Ever since we bought Brel, we’ve been planting trees.  We started with the orchard.  The idea of having an orchard was very special to me and being able to grow apricots and cherries of our own was a huge excitement.   We haven’t had total success - we’ve never been able to grow peaches or nectarines - everyone else around us does, so I’m not sure what we’re doing wrong!  Cherries have taken a long time to come good but we think that we probably didn’t have a good pollinator tree - which we now have. Apricots have been very good lately and our apple trees have healthy crops.  But it is the plums which are the star of the show - mirabelles, greengages and some large yellow juicy plums which are quite delicious. Add to these the crops from the wild plum trees around the property and we end up with a lot of plums - even though they don’t crop heavily every year.  July and August are full of jam and chutney making as well as baking tarts, crumbles and crisps as the plums ripen.

IMG_6050.jpeg

Every year, I’ve tried to plant two or three trees.  A mulberry tree was one of the first - and it’s now matured to a rather fine specimen.

IMG_5879.jpeg

We are not short of trees on the property - in fact above us on the side of the hill we have woodland but a huge percentage of the trees are oaks and the landscape is very green.  So my aim has always been to add flowering trees and coloured foliage

IMG_6047.jpeg

That’s not to say that we don’t love the oaks - in particular the one below the terrace which we estimate is about 350 years old - a very special tree. 

IMG_6082.jpeg

Another early planting was the flowering cherry in the courtyard.  This was added when we converted a small barn opposite the back door to a little guest house - and the courtyard was landscaped.  It’s grown prodigiously and we look out on it with great delight in the spring.  Would that some of the other recent flowering trees would grow as fast - but the soil is not great and the summers are blistering.

IMG_5758.jpeg

Tree planting seems to be very fashionable with world wide reforestation projects, national drives for more planting and now London is getting a million new trees.
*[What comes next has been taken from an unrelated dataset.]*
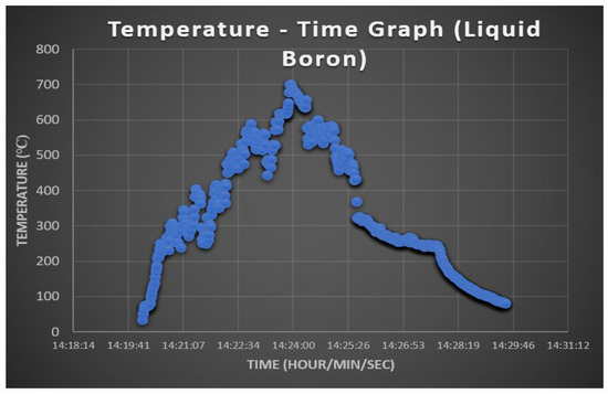 In the Exp.SB and Exp.LB experiments, boron-based fire suppressants were used. Boron is used in many different fields. Boron production from boron minerals in the form of ores requires special processes. Boron is generally found in nature as borate salts or boric acid [10].

It seemed a good idea to get on the bandwagon to mark our 40th wedding anniversary this year (2020) with a special project - 40 more trees for Brel.

The plan was hatched in late 2019 and I got out my tree books (once again) and started to think about just what we should put in. The most important thing was to be able to water them in for a couple of years - and I’m not talking taking a watering can from time to time.  We had to find places where we could either put in a new system or extend what is already in place to provide daily water. I think there are 5 trees that actually have to be watered by hand but everything else is on automatic and using lake water.  The land is so chalky that hosepipes clog up after a few years - so we are forever having to put new links and systems.  

Hugely helpful in the process of finding what to plant has been the discovery of a great nursery, not that far away, run by a young Dutchman and his Flemish wife.  Enthusiastic and very helpful they have a large stock of trees and most of the ones that I first thought of were in stock with more suggestions coming later. Flowering cherry, winter flowering cherry, amelanchier, Judas tree, albizia, koelreuteria, laburnum and catalpa were all in the first batch.  That was before lockdown.  Then I found that they would deliver trees to us, so after we arrived and could no longer go out to shop at the nursery, we chose more to decorate the property - six birch for two mini groves, eucalyptus, purple hornbeam, dark maple, pink horsechestnut, and to remind us of Brook Green - two London plane trees.

IMG_6080.jpeg

Quite a few of the little trees have gone in to the top terrace of the grass garden and beyond into the copse where we already had a few niewish trees above a grove of wild plums. New ones all get a metal protection because of our many deer who love to rub up against every tree. I have to pay tribute to Kate out gardener who has dug more of the tree holes. I got her to agree to use a man with a mini peel - but he was just not available when we needed to dig the holes. Thank you Kate - you are amazing. Of course she had to do the watering systems too.

IMG_6068.jpeg

Exciting additions with the new plantings are two magnolias. Our chalky soil would normally be totally unsuitable but the guys at the nursery spend a good deal of time grafting magnolias and other acid loving plants on to chalk loving stock. This one is called Sweet Merlot and is dark purply pink. I can’t want to see it. A second yellow one has been planted with other yellow flowering trees in the ‘Secret Garden’ above the pool.

IMG_6048.jpeg

The view to the lake shows some of the trees that have gone in during the past 10 years - flowering cherry, crab apple, a mixed hedge and plane trees to protect some of the vegetables.

I have to admit that I have a small tree nursery as well with baby trees that have self seeded.  This year there have been literally thousands of acorns which have put down roots in every flower bed that we have here (the vegetable garden is far enough away from the oaks to avoid the acorns).   I spend time every day pulling them up but have potted up a few.  There are also horse chestnuts, sycamore and ash. So I am growing some of these for the future. 

Of course, most trees grow quite slowly and here with the baking summers they grow particularly slowly.  Sadly we won’t see our newly planted trees at maturity. But how lucky we are to be able to plant for the future. We just hope that whoever is in Brel in future years will appreciate our choice of trees and their positions! As well as continuing the planting programme.